This afternoon I went to the Museum of Modern Art in New York to see the special exhibition of
Marina Abramović: The Artist Is Present (additional information available at http://www.moma.org/visit/calendar/exhibitions/965 ). Commentary on artwork below (spoiler warning).
One of the interesting
pieces was
a live demonstration of 2 models posed face-to-face in a doorway between exhibit halls, so that the museum attendees squeezed between them to get to the next exhibit. There was a second doorway about 60' away, so it was possible to get to the next exhibit without walking between them, but after watching a few people slide between them and into the next room, it seemed strange to walk around. One model was female and the other was male, both in good physical condition. The most interesting aspects were that 1) when you walked between them, it turned out that there was an
unorchestrated crowd gathered on the other side to watch your reaction as you did so - you, as the walker, became part of the art for the audience, 2) there was a video playing on the other side of the doorway showing people walking through a similar live-nude-doorway at a prior exhibition, so it felt a bit like you were part of a movie, and 3) all of the people who walked through the doorway (both male and female) turned to face the female model as they did so. Are we as a society just more comfortable with nude women? I didn't consciously consider which way I faced as I walked through, but my charming male companion absolutely considered it and decided he'd rather look at a nude woman than a man.
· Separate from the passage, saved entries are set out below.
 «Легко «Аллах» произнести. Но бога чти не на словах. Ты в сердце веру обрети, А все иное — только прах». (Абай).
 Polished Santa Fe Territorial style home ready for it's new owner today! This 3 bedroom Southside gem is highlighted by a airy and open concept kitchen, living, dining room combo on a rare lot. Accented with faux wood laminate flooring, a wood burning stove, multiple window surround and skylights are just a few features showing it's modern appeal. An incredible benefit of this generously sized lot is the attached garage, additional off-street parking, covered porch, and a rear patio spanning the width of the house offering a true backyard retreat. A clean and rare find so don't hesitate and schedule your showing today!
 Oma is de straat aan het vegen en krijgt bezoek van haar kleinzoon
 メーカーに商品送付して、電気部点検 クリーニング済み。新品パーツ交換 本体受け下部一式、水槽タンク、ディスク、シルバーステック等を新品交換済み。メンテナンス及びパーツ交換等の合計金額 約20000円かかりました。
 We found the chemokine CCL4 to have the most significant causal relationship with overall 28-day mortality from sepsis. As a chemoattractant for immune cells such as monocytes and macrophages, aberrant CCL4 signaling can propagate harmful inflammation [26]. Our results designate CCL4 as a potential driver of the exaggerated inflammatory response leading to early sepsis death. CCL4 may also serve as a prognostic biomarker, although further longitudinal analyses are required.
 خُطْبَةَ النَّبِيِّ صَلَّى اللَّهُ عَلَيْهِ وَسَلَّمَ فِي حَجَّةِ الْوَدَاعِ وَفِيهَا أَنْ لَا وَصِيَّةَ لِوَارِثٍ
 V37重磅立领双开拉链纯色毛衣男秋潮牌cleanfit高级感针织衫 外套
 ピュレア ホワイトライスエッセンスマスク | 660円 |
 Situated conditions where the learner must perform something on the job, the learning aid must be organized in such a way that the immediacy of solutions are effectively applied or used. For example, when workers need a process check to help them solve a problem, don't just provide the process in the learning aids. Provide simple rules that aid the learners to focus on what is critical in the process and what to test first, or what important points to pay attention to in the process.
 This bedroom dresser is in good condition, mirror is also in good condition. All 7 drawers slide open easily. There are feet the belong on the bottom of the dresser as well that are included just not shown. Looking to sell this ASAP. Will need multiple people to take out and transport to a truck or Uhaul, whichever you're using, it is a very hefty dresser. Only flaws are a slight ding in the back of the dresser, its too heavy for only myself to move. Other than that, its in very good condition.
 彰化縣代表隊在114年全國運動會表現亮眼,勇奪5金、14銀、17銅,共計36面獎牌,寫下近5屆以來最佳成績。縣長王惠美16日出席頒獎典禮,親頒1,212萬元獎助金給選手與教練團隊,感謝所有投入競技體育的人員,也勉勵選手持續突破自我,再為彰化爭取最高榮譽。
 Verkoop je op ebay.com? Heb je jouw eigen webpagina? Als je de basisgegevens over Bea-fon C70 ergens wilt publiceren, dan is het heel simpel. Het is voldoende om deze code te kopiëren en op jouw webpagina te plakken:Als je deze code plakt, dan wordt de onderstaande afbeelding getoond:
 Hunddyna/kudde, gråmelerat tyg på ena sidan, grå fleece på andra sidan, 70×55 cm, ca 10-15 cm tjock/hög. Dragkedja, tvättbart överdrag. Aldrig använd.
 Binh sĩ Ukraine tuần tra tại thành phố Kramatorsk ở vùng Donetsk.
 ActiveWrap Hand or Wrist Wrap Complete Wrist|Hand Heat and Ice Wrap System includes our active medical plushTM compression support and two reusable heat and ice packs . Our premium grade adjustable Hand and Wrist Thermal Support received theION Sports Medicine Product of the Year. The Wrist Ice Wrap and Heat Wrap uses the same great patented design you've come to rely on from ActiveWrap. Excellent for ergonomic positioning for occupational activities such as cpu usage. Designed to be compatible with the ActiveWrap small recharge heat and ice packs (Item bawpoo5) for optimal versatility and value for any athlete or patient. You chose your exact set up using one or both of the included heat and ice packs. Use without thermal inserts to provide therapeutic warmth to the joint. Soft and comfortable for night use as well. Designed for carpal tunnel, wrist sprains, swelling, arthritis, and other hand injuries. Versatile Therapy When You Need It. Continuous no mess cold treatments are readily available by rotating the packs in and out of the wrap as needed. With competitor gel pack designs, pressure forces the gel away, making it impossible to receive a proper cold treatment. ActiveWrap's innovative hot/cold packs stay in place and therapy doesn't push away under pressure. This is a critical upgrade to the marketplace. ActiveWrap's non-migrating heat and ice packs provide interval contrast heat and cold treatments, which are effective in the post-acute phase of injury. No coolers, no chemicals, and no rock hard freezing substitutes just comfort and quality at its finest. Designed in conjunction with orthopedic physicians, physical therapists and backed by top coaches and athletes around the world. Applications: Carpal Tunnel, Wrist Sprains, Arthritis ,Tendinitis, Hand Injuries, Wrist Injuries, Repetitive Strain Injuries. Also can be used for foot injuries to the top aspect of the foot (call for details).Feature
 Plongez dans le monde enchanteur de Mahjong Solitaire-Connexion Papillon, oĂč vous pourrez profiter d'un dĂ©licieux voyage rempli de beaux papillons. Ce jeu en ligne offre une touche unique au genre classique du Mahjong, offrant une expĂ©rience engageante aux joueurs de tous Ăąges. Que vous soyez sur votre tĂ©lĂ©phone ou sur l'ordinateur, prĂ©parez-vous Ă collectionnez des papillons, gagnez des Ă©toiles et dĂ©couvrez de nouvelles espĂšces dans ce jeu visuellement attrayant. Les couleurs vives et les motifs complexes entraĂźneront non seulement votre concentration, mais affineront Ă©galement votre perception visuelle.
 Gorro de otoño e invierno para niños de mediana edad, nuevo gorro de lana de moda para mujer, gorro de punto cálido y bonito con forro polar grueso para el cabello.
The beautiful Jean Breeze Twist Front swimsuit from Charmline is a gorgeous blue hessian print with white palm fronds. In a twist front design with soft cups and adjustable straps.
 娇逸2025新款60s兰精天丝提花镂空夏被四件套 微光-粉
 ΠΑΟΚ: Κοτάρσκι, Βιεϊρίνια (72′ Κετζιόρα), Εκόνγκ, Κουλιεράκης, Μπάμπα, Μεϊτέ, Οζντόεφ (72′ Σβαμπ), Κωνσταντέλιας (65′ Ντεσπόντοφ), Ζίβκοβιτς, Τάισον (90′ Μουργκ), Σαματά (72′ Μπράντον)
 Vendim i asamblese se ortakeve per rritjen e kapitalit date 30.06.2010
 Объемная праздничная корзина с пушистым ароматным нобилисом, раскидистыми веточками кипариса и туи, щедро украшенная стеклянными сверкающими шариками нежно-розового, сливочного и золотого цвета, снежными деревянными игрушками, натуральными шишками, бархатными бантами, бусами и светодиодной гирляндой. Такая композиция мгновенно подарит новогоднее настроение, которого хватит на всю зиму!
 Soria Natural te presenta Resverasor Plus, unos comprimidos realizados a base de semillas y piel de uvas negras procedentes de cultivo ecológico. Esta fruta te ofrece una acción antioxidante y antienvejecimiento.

As it turned out, I looked at the exhibit hall ahead and tried not to bump either model with my bag, and he looked at his feet because he became concerned about stepping on their bare toes.
Image courtesy of NYpost.comThere was also an interesting piece that had a live nude woman on a ledge at about table height, lying on her back with a
faux skeleton lying on top of her, facing up. As she breathed the skeleton moved up and down. The commentary on the piece explained that
Abramović thought the piece brought the model closer to understanding of and comfort with her own death. I'd buy that. It was a very intriguing mix of morbidity and sensuality; limbs entwined but bare of flesh, the model's youth and softness contrasted with the bone, and the entire sculpture moving together. The model was both smothered by and embracing the skeleton, and it was beautiful.
Abramović's commentary on the impact on the model resonated with me because in the art that I have created with Blair where we draw the poems onto the model's body, I have tried to be careful with how the model is impacted by the process. I have found greater artistic success when the writing resonates with the model, and greater personal reward when the model feels enriched by the experience. I haven't tried many poems for that project that aren't sensual or playful - forcing a model to confront or embrace death may be a little extreme at this point, but it would be interesting to emotionally stretch the art a bit and see where it leads. My recent work has been heavier and longer than previous writing, so it may be a ripe opportunity for that.
Finally,
Abramović herself was part of the exhibit. This was not surprising, since the exhibit was a chronology focusing on her expression, body, experiences, values, etc. She seems to have done a lot of pushing-physical-limits and exhibitionism for the sake of (under the guise of?) artwork. In the piece at
MOMA she sits motionless at a table in the center of a hall under bright lights, and audience members can join her at the table, and also sit motionless and stare back at her. The people we saw participate in the art were all young women. Granted, we weren't there watching consistently, but we wondered what the %s look like.
C'est tout for now. I'm learning 2-minute italian in the car: arrivederchi.